Таня Гроттер и пенсне Ноя - Емец Дмитрий Александрович. Страница 4
И Генка решился. Отчасти из-за мамы, отчасти потому, что то, что окружало его – все эти серые пятна реальности, тусклые люди, дежурные фразы и колючие запреты, – давно уже ему обрыдло.
– Аидус лета харонум танталум! – громко и не раздумывая произнес он.
Генка и не подозревал, что на самом деле он использует грозное древнее заклинаниевызова из Потустороннего Мира. Заклинание, которое может иметь силу, только если станет первым заклинанием, которое произнесет начинающий маг.

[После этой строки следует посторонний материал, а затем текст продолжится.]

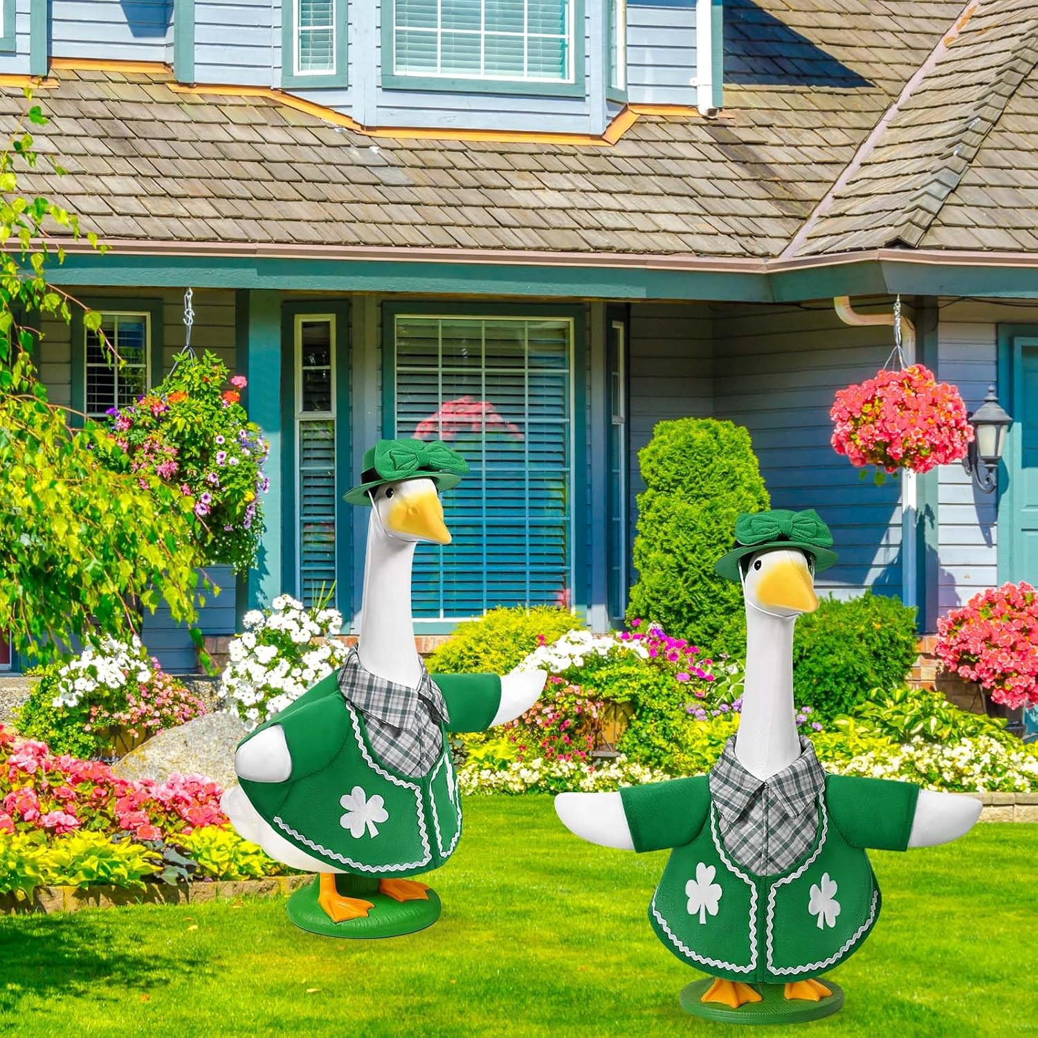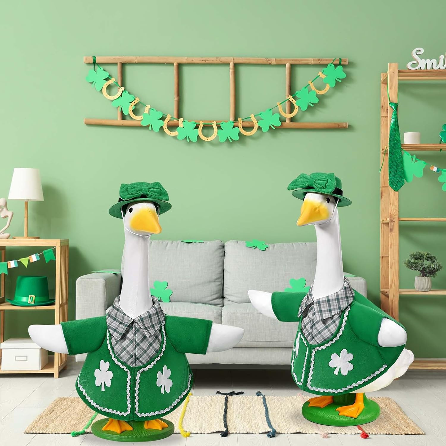 St. Patrick's Day Goose Outfits Irish Clover Porch Goose Clothes Fits 23 Cement

Волшебного перстня у Бульонова не было, зато присутствовал магический дар. Искру же выбросила сама Книга Рока. Причем такую, что ее ветхие страницы не выдержали слишком яркой вспышки. Обложка вспыхнула и обратилась в пепел. Еще миг – и осыпались страницы. Древняя черномагическая книга перестала существовать, но это уже ничего не могло изменить. Осыпаясь, пепел успел еще сложиться в надпись:
«Берегись хозяйки скорпиона!»
Пока Генка тупо смотрел на пепел, размышляя, кто такая хозяйка скорпиона, комната вдруг заполнилась мятущимся оранжевым пламенем. Генку обдало сухим жаром. Бульонов торопливо оглянулся.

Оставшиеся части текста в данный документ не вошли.